If the TCP program supports setting marks (SO_MARK
), use it for egress to
prevent processing traffic that is not from the TCP program. For client, this
allows traffic to a different IP address with the same TCP port. For server,
this prevents sending packet to BPF program if the interface has multiple IP
addresses assigned and if the TCP program doesn't bind to all of them.
- Client & Server:
tc filter add dev "${IFACE}" egress handle 2 fw action goto chain 1
Be warned that SO_MARK
can't be used for ingress as the system doesn't expect
incoming UDP packets. Therefore, all incoming packets from the interface with
matching port will be sent to the BPF program. To decrease the chance of this
happening, you're recommended to use ports that are outside the ephemeral port
range set on net.ipv4.ip_local_port_range
(default: 32768-60999). This option
applies to IPv6 too.
Generic Segmentation Offload (GSO) and Generic Receive Offload (GRO) cannot be
used for this traffic, because each UDP packet will carry a part of the TCP
headers as part of the data. This part of the data is specific to one packet,
therefore, it cannot be merged with the next data.
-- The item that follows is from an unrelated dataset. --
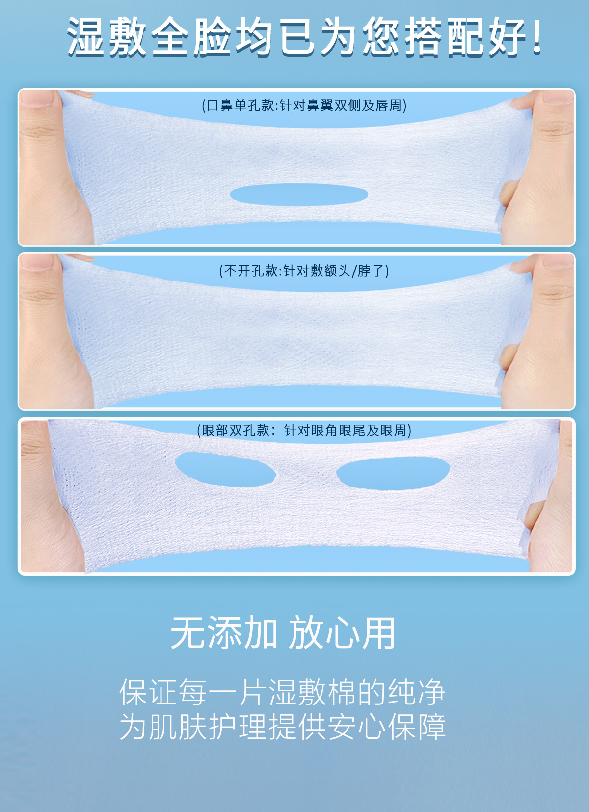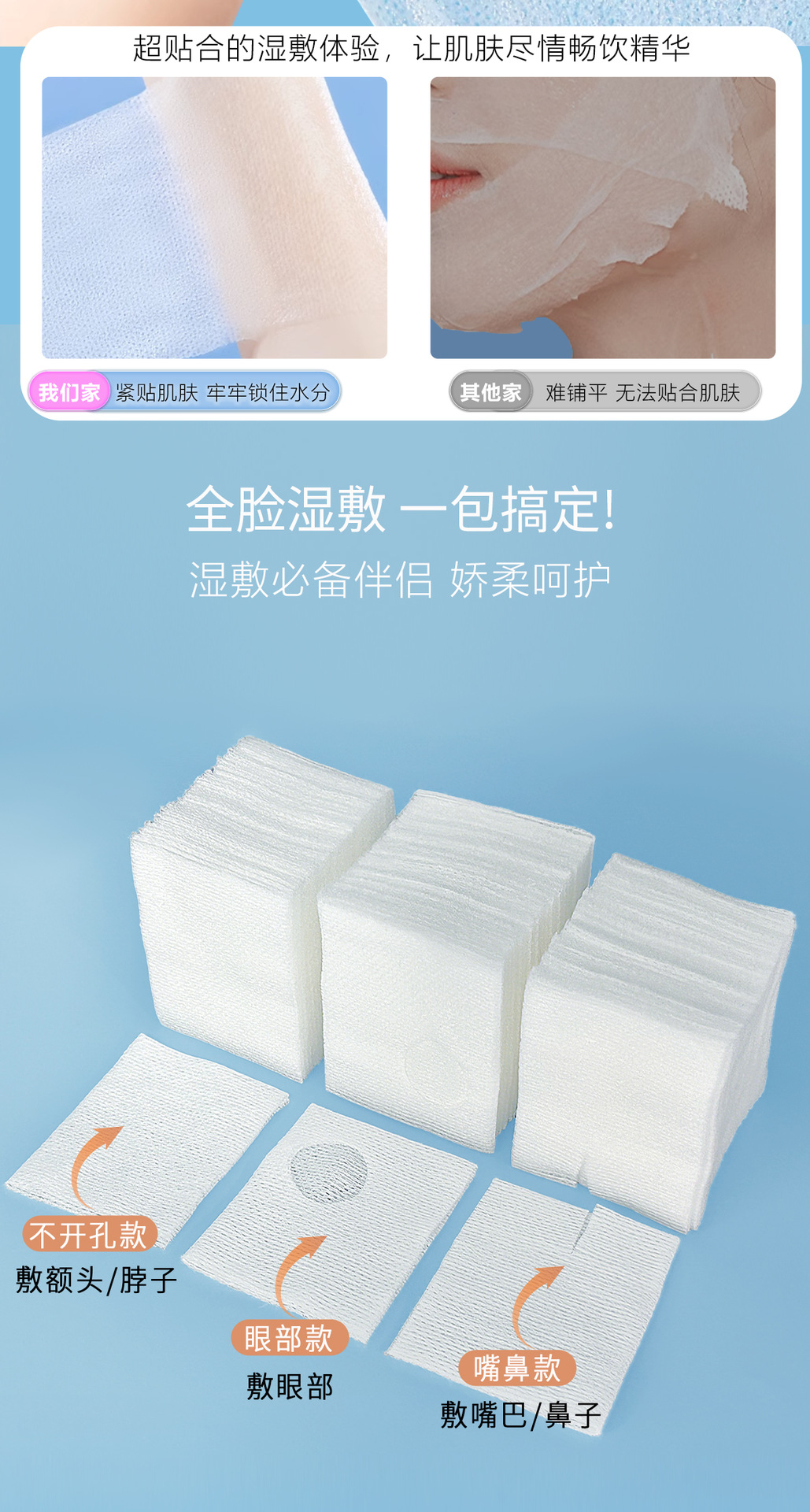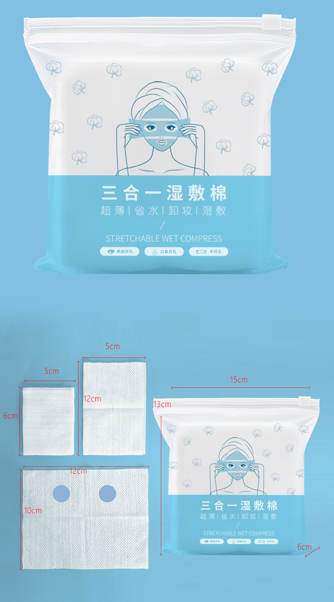 | Especificaciones | Compresa húmeda de algodón tres en uno (80 piezas sin agujeros + 80 piezas para ojos + 80 piezas para boca y nariz) 240 piezas,Compresa húmeda de algodón tres en uno (70 piezas sin agujeros + 70 piezas para ojos + 70 piezas para boca y nariz) 210 piezas,Compresas húmedas de algodón sin agujeros, 200 unidades. |

UDP GRO is only done on
demand, e.g. when the userspace asks it (setsockopt(IPPROTO_UDP, UDP_GRO)
) or
for some in-kernel tunnels, so GRO doesn't need to be disabled. To disable GSO:
ip link set ${IFACE} gso_max_segs 0
Note: to get some stats, in egress, it is possible to use:
tc -s action show action csum
tc -s -j action show action csum | jq
It might be interesting to monitor the tracing ring buffer for warnings and other messages generated by the eBPF program:
cat /sys/kernel/debug/tracing/trace_pipe
To stop the eBPF program:
tc filter del dev "${IFACE}" egress
tc filter del dev "${IFACE}" ingress
Because the packets will be in UDP and not TCP, any MSS clamping will have no effects here. It is important to avoid IP fragmentation. In other words, it might be required to adapt the MTU (or the MSS).